__Task requirements__
Would you please return the lines of the entries below starting at the line that has "热烈鸭作为电影发行方精心准备" and ending at the line that has "О: Пакета включва", both included, exactly as they are?

__Material to process__
BEGIN

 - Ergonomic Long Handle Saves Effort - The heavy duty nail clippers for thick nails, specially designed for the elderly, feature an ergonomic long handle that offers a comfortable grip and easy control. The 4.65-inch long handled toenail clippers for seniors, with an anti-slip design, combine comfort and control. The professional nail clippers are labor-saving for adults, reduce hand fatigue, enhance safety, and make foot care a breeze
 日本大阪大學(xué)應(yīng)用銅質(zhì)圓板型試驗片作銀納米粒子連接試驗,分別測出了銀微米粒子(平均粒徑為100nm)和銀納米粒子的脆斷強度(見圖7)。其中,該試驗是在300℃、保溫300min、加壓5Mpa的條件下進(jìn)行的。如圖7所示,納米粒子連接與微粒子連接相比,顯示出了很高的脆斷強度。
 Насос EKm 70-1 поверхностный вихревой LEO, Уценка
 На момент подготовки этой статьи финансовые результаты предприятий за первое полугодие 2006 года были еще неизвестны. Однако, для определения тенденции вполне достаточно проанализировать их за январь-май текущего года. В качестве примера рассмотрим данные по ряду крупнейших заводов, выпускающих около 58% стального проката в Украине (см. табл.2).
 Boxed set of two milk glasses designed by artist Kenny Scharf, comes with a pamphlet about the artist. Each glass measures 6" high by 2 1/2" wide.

END
BEGIN

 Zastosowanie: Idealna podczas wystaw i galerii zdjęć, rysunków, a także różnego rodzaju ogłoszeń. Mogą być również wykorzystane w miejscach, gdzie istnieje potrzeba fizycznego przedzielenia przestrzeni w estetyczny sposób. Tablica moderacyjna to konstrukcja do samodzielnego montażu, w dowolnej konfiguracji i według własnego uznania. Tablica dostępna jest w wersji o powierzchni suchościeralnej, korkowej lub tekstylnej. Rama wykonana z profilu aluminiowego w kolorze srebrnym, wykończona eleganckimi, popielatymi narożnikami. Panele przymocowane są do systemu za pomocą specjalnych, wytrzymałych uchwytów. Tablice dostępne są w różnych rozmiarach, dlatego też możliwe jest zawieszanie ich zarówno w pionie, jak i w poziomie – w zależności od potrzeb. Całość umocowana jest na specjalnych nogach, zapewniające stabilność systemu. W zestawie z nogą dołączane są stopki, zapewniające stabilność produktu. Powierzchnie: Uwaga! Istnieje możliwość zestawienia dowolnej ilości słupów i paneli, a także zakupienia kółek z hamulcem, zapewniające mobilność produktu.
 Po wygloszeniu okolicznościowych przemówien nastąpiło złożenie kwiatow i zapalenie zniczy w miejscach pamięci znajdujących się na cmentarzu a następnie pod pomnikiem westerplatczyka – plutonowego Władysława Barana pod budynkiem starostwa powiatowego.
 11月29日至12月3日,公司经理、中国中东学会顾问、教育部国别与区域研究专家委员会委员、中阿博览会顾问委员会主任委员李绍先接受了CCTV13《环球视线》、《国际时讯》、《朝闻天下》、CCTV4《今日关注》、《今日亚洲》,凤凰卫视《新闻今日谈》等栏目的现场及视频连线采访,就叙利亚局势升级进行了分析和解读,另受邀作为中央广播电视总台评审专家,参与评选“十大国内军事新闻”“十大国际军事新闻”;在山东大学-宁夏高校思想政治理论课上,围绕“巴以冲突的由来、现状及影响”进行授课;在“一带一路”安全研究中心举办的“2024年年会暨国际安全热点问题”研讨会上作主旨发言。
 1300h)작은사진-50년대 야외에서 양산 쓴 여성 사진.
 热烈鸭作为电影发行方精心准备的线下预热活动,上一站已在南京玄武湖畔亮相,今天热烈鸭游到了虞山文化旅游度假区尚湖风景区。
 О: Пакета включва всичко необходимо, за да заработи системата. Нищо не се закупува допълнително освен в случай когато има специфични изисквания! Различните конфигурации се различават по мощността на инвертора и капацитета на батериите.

END
BEGIN

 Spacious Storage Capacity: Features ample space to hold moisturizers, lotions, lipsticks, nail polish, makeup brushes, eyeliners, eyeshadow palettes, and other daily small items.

END

__Response__
 热烈鸭作为电影发行方精心准备的线下预热活动,上一站已在南京玄武湖畔亮相,今天热烈鸭游到了虞山文化旅游度假区尚湖风景区。
 О: Пакета включва всичко необходимо, за да заработи системата. Нищо не се закупува допълнително освен в случай когато има специфични изисквания! Различните конфигурации се различават по мощността на инвертора и капацитета на батериите.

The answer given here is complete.